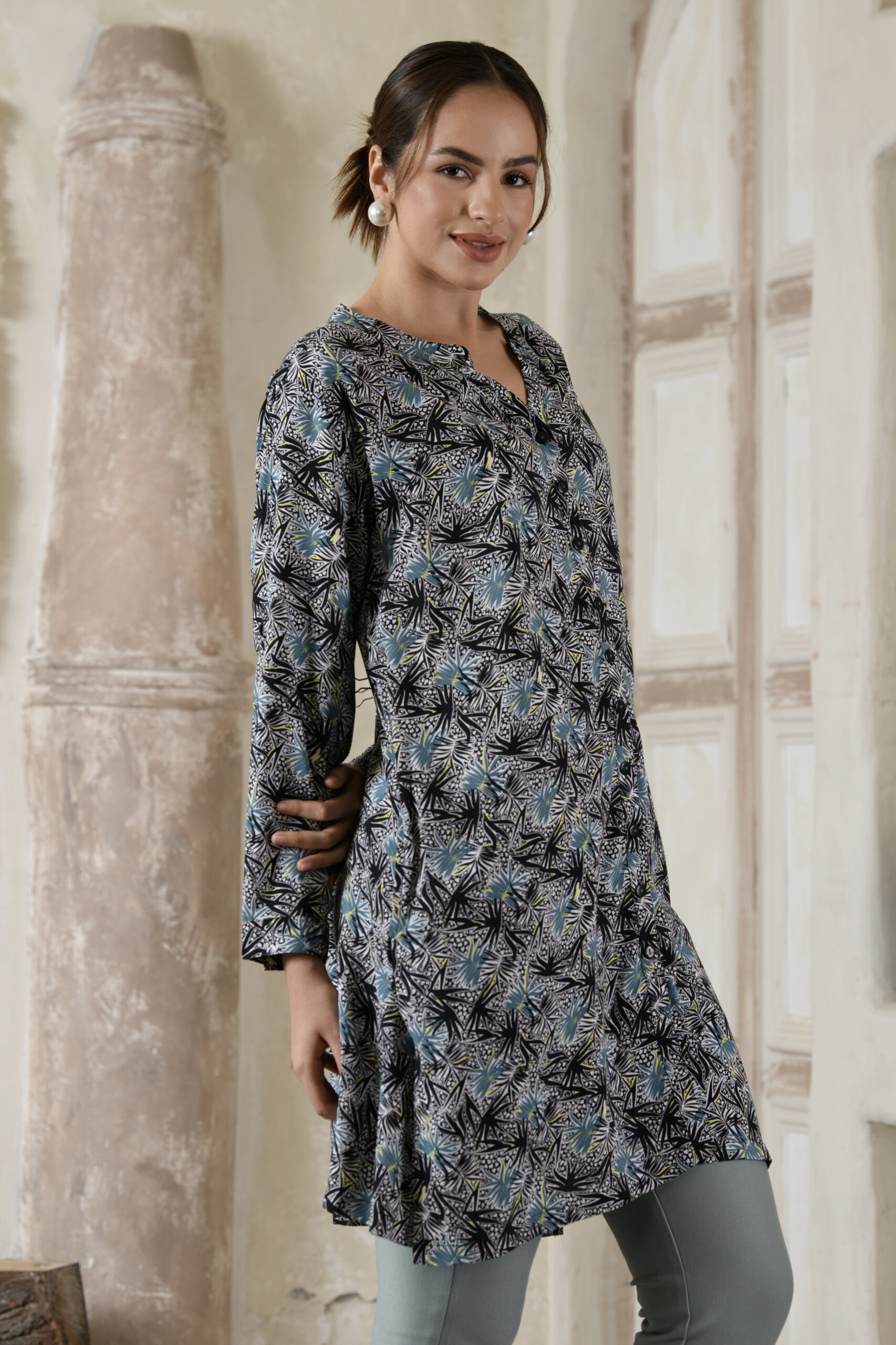 Made for comfort, styled with elegance—this big-size mama shirt from Saraj is designed in premium rayon to keep you cool and confident throughout the day. The 36–37 inch length offers full coverage with a stylish, easy-going silhouette.
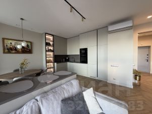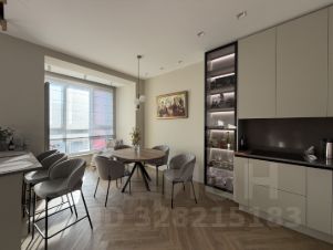 В квартире выполнен дизайнерский ремонт с использованием качественных дорогостоящих материалов. Просторная кухня-гостиная укомплектована кухонной мебелью от дизайнерского мебельного бюро со встроенной бытовой техникой Bosch: холодильник Liebherr, индукционная варочная поверхность, духовой шкаф, микроволновая печь, посудомоечная машина. Смеситель на кухне Omoikiri (Япония), фурнитура Blum, эмаль Egger.
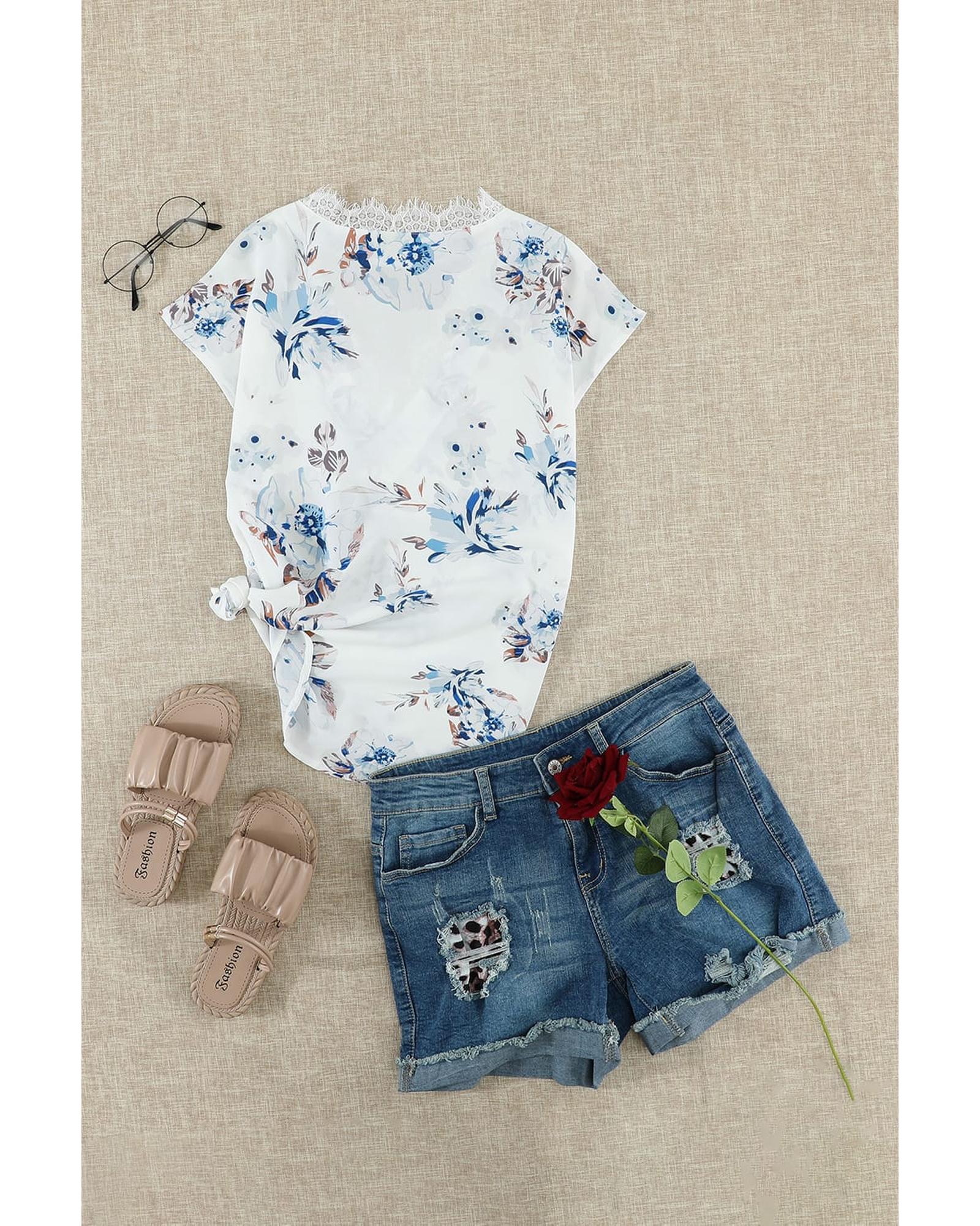 Azura Exchange Scalloped V Neck Short Sleeves Top – L

Your instructions: The complete listing must be transcribed verbatim, and all pictures are to be omitted.

Task result:
 Made for comfort, styled with elegance—this big-size mama shirt from Saraj is designed in premium rayon to keep you cool and confident throughout the day. The 36–37 inch length offers full coverage with a stylish, easy-going silhouette.
 В квартире выполнен дизайнерский ремонт с использованием качественных дорогостоящих материалов. Просторная кухня-гостиная укомплектована кухонной мебелью от дизайнерского мебельного бюро со встроенной бытовой техникой Bosch: холодильник Liebherr, индукционная варочная поверхность, духовой шкаф, микроволновая печь, посудомоечная машина. Смеситель на кухне Omoikiri (Япония), фурнитура Blum, эмаль Egger.
 Azura Exchange Scalloped V Neck Short Sleeves Top – L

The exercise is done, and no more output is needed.